Data records:
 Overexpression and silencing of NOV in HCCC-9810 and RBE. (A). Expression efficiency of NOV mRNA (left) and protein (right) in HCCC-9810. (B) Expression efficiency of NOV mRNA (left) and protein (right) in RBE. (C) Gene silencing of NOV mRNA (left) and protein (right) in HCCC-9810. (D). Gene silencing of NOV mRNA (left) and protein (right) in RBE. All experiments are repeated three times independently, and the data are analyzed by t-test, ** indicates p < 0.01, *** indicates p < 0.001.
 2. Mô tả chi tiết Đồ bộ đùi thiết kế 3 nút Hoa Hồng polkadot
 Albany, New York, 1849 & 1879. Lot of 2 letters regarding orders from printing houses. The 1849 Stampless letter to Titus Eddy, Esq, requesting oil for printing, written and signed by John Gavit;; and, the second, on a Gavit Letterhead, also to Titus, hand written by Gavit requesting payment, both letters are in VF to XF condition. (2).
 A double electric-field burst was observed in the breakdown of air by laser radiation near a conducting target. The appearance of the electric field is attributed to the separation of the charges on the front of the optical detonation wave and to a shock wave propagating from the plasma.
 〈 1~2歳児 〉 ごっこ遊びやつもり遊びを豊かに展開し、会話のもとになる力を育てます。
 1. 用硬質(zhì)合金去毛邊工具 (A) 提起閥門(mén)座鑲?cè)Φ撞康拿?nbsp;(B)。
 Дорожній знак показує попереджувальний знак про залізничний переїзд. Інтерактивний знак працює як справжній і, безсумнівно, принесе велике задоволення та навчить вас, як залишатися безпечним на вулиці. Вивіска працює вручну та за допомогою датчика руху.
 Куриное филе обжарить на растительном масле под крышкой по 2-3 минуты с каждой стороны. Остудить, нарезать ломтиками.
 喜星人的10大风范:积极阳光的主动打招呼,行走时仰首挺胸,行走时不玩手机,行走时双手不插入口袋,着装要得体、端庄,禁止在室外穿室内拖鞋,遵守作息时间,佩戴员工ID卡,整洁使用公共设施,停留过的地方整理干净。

...

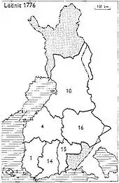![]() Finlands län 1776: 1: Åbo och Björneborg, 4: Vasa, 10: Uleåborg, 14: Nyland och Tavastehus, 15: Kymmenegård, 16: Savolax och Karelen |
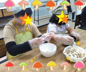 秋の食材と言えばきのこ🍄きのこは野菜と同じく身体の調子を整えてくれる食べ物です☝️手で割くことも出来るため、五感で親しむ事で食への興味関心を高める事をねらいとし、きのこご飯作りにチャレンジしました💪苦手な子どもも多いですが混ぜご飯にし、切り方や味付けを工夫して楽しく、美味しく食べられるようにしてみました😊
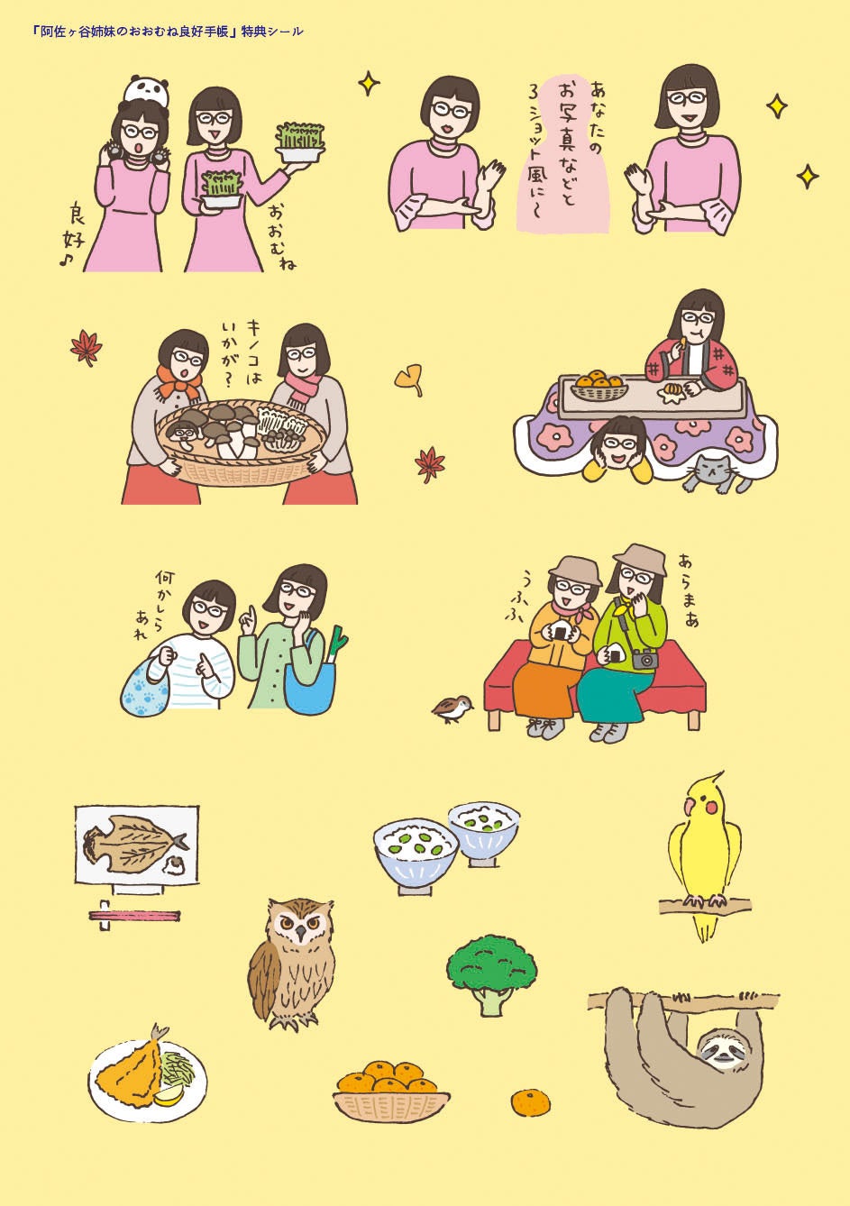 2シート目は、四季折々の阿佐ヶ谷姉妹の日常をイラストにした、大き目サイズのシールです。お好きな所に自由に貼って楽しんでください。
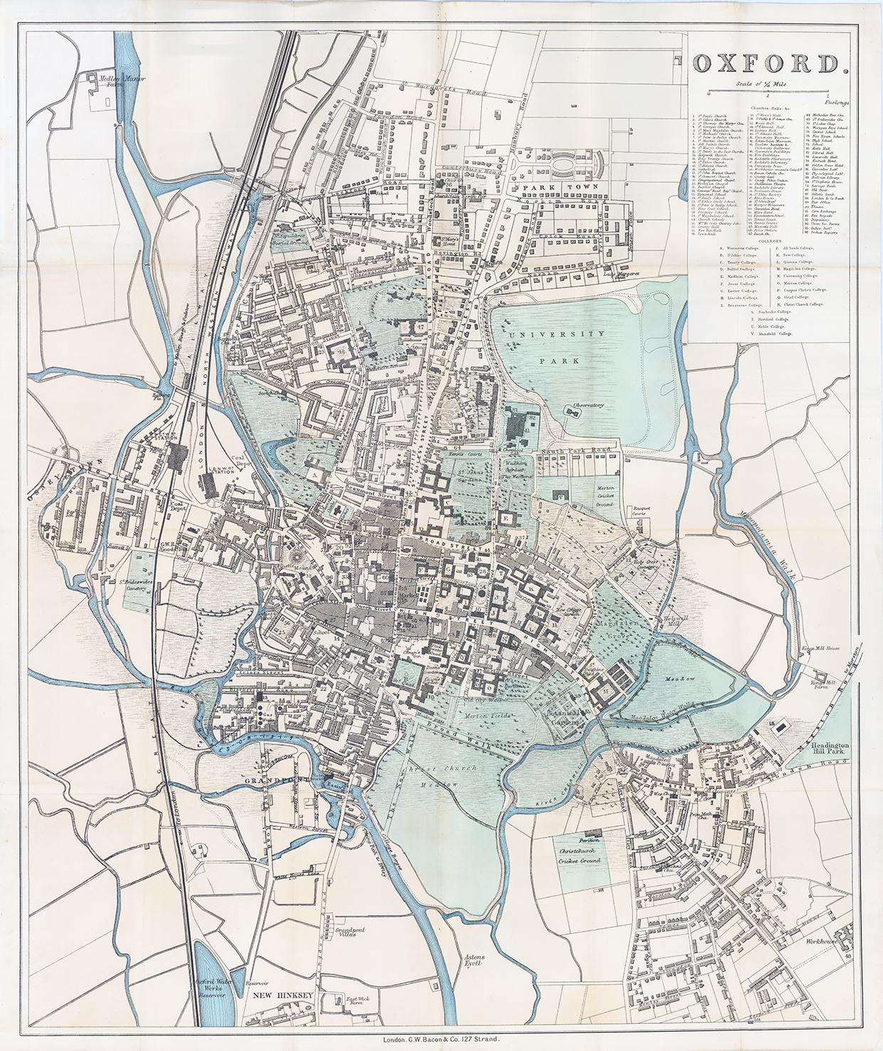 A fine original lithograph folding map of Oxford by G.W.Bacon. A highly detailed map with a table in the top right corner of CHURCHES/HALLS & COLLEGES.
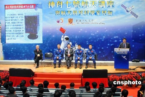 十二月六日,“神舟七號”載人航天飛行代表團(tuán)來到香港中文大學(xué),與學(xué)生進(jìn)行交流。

Problem to work on: Above are the records. Print exactly, and only, the lines from the line with "Куриное филе обжарить" to the line with "喜星人的10大风范:积极阳光", both inclusive.

Problem solution:
 Куриное филе обжарить на растительном масле под крышкой по 2-3 минуты с каждой стороны. Остудить, нарезать ломтиками.
 喜星人的10大风范:积极阳光的主动打招呼,行走时仰首挺胸,行走时不玩手机,行走时双手不插入口袋,着装要得体、端庄,禁止在室外穿室内拖鞋,遵守作息时间,佩戴员工ID卡,整洁使用公共设施,停留过的地方整理干净。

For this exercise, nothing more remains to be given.